### [WHAT THE TASK REQUIRES]
Only the lines from the one containing "By means of" to the end of the data below belong in the answer, each repeated exactly; no pictures.

### [ENTRIES PROVIDED]
--- START ---
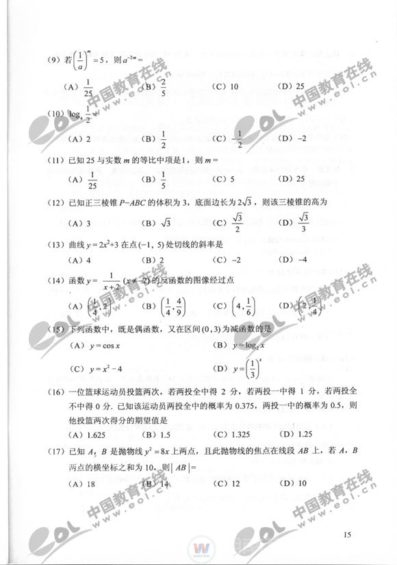 文章導(dǎo)讀:2011成人高考數(shù)學(xué)(理)試題及答案:高起點信息由成考網(wǎng)發(fā)布,更多2011成人高考數(shù)學(xué)(理)試題及答案
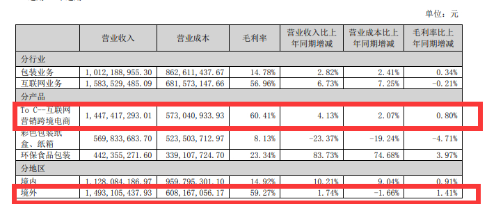 从毛利率方面来看,吉宏股份跨境电商渠道的毛利率高达60%,在所有分类中稳居第一。
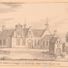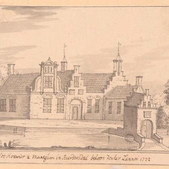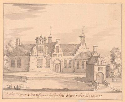 Woning met drie zestienruitsvensters onder schilddak met hoekschoorstenen met borden
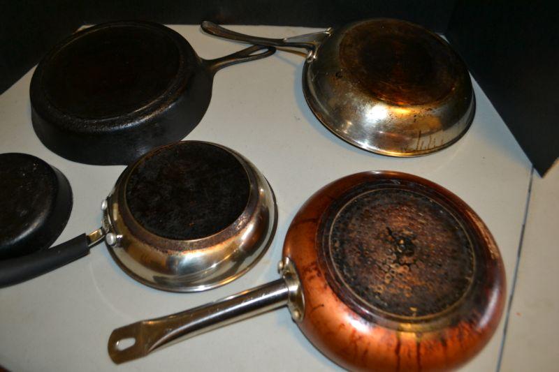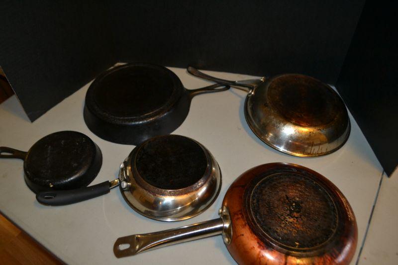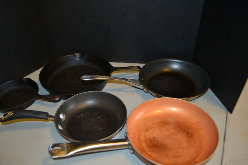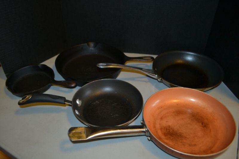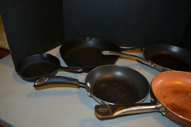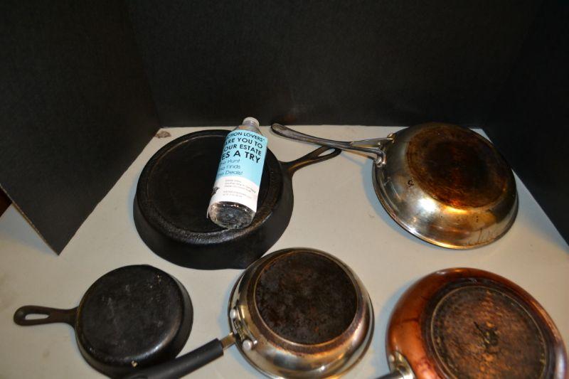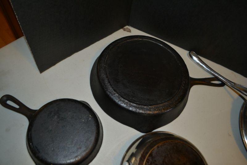 LOT 105 CAST IRON PANS PLUS OTHER PANS
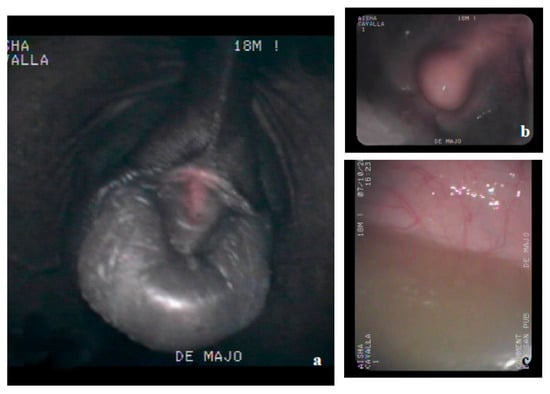 By means of flexible video endoscope of 10 mm in diameter, connected to a processor integrated into the Pentax insufflation system (EPK 1000 Pentax, Milan, Italy) and dorsally inserted to the glans (Figure 2a), the internal urethral orifice, urethral meathus, and bladder (Figure 2b,c) were identified. Before ending the endoscopic examination, biopsy samples were taken along the entire route.
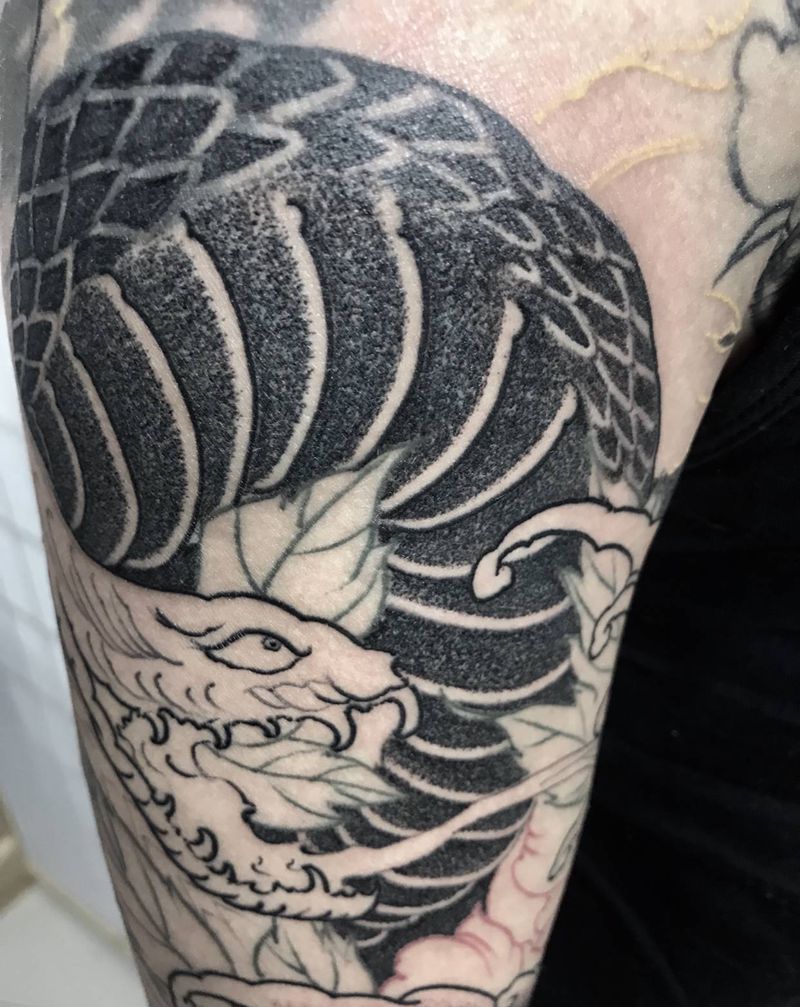 • T网红王老大花腿龙纹身图片_腿部新传统纹身图案
--- END ---
### [RESULT]
 By means of flexible video endoscope of 10 mm in diameter, connected to a processor integrated into the Pentax insufflation system (EPK 1000 Pentax, Milan, Italy) and dorsally inserted to the glans (Figure 2a), the internal urethral orifice, urethral meathus, and bladder (Figure 2b,c) were identified. Before ending the endoscopic examination, biopsy samples were taken along the entire route.
 • T网红王老大花腿龙纹身图片_腿部新传统纹身图案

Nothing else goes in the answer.